Familial aggregation of coronary artery calcium in families with type 2 diabetes.

Type 2 diabetes is widely recognized as a major risk factor for atherosclerotic cardiovascular disease, including subclinical atherosclerosis as measured by noninvasive procedures. However, the role of genetic factors that contribute to various measures of subclinical atherosclerosis is largely unknown. We hypothesize that subclinical atherosclerosis, measured as coronary artery calcification (CAC), will be extensive in individuals with type 2 diabetes and that its presence depends on both genetic and environmental factors. The genetic factors should result in the familial aggregation of CAC. To determine the extent of familial aggregation of CAC in the presence of type 2 diabetes, we studied 122 individuals with type 2 diabetes (mean age 60 years) and 13 individuals without diabetes in 56 families. CAC was measured by fast-gated helical computed tomography. Other measured factors included blood pressure, body size, lipids, HbA1c, and self-reported medical history. To test for an association between CAC and these factors while accounting for the potential familial correlation of CAC, generalized estimating equations were used. CAC was detectable in 80% of individuals with diabetes (median score 84, range 0-5,776). Extent of CAC, adjusted for age, was positively associated with male sex (P = 0.0003), reduced HDL (P = 0.02), albumin-to-creatinine ratio (P = 0.008), and cigarette pack-years (P = 0.03). CAC was also positively associated with a history of angina, myocardial infarction, stroke, and vascular procedures (all P < 0.01). HbA1c and fasting glucose were positively, but nonsignificantly, associated with the extent of CAC (P = 0.14 and 0.08, respectively).

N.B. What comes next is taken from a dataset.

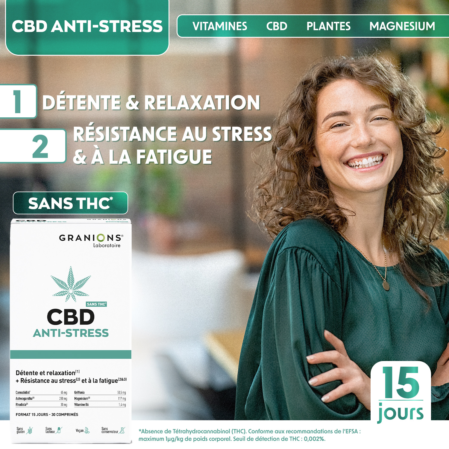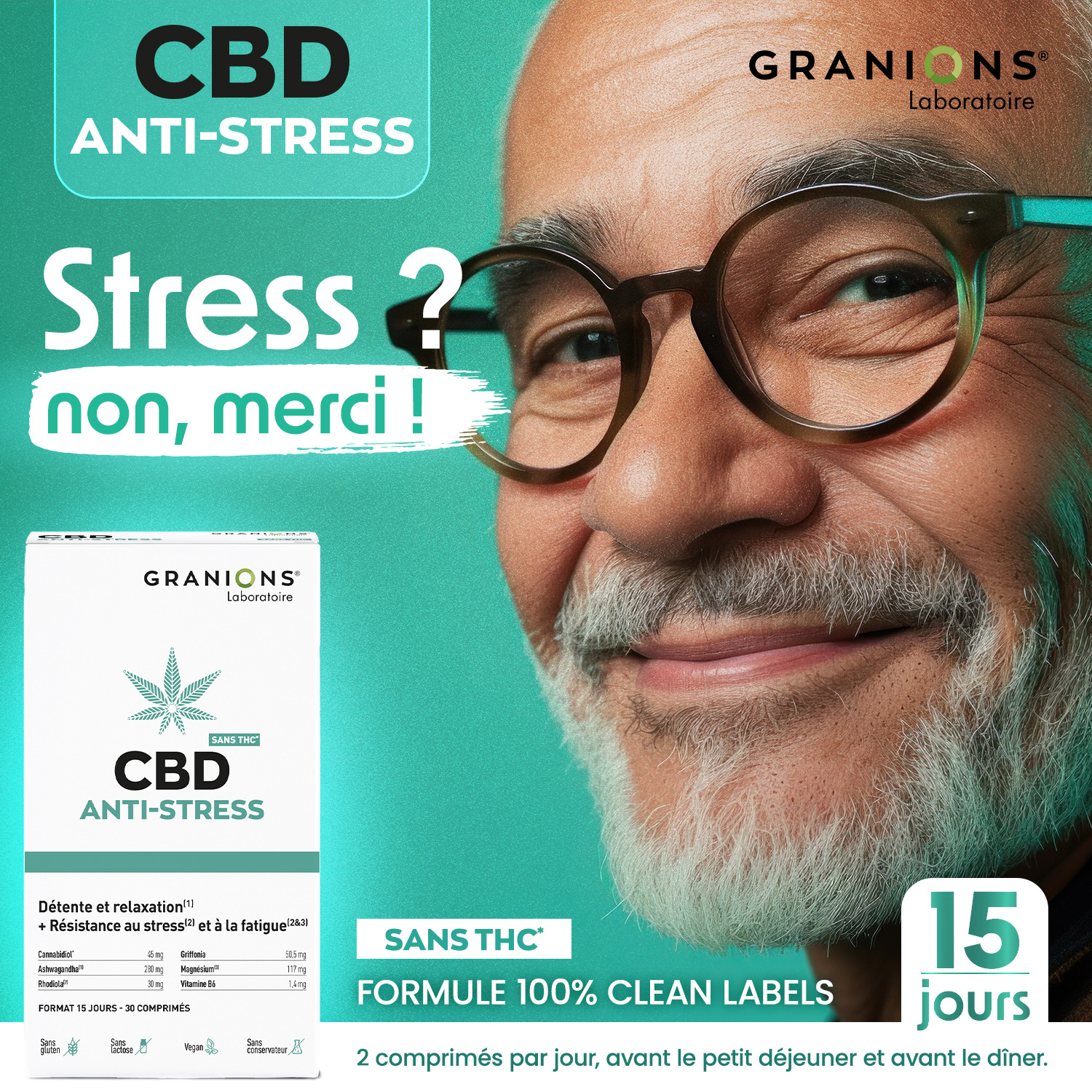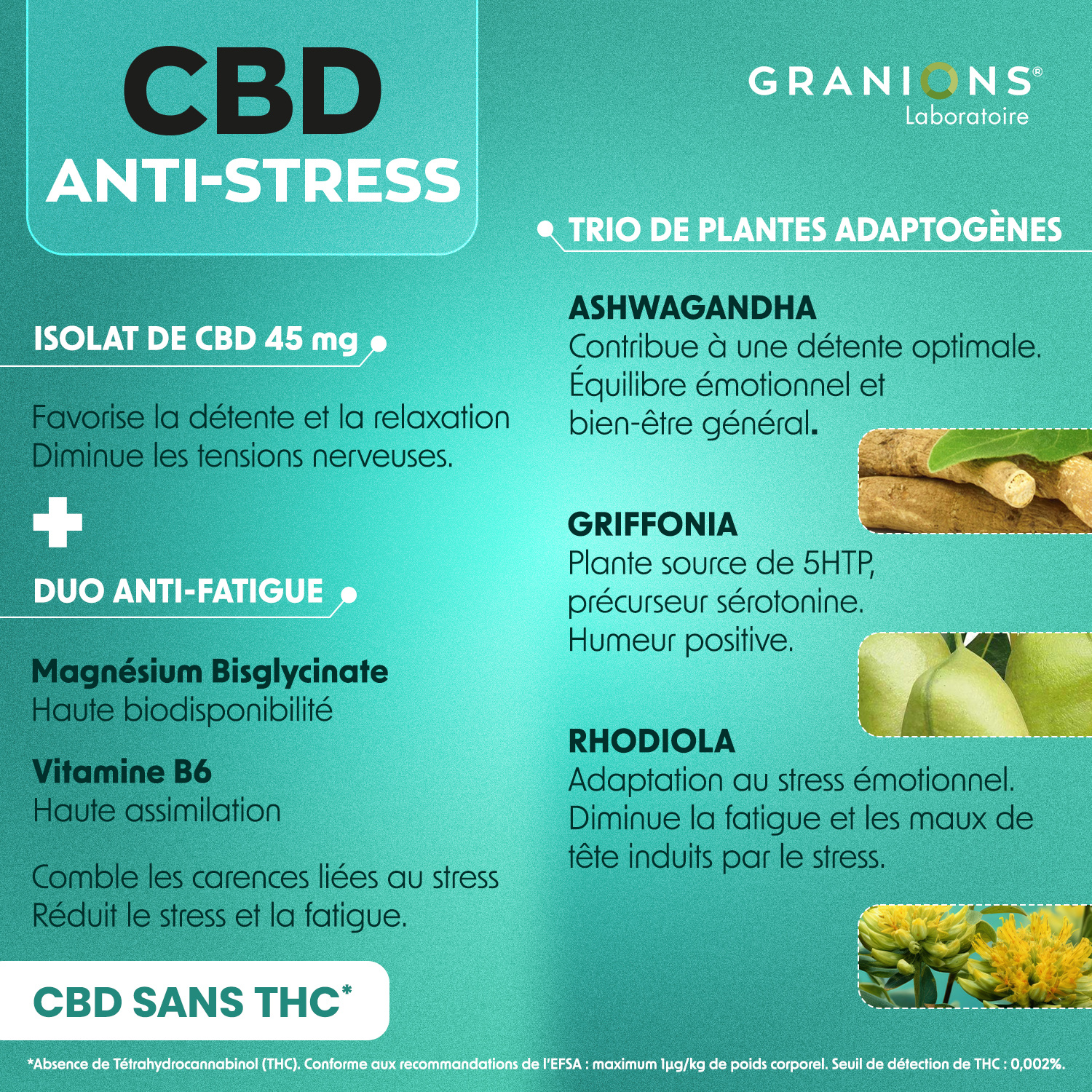 Granions® CBD Anti-Stress est un complément alimentaire élaboré pour combattre le stress et la fatigue tout en promouvant la relaxation, la sérénité et l'équilibre émotionnel. C'est une solution naturelle pour ceux qui cherchent à retrouver un état zen dans leur quotidien. La formulation soigneusement dosée de Granions® CBD Anti-Stress contient 45 mg d'isolat de CBD, qui respecte le dosage maximal autorisé de 50 mg. Le CBD, reconnu pour ses propriétés relaxantes et antioxydantes, est associé à une sélection de plantes, de vitamines et de magnésium, conçue pour renforcer la résistance au stress émotionnel et physique. Ce complément inclut un trio de plantes adaptogènes pour une synergie efficace : l'Ashwagandha pour une détente optimale, la Rhodiola pour réduire la fatigue liée au stress et la Griffonia, une source de 5-HTP, précurseur de la sérotonine, connue comme l'hormone du bonheur. La formule est enrichie d’un duo anti-fatigue, composé de Magnésium Bisglycinate et de vitamine B6, pour leur capacité à être bien absorbés par l'organisme, combler les carences induites par le stress, et réduire la sensation de fatigue.

CAC, adjusted for age, sex, race, and diabetes status, was heritable (h2 = 0.50; P = 0.009). In multivariate analysis with additional adjustment for HDL, BMI, hypertension, and smoking, h2 = 0.40 (P = 0.038). These results suggest that strong (independent) genetic factors as well as environmental factors contribute to the variance of CAC in individuals with type 2 diabetes. In these data, CAC seems heritable and may serve as an important feature in designing studies to map genes contributing to both atherosclerosis and type 2 diabetes.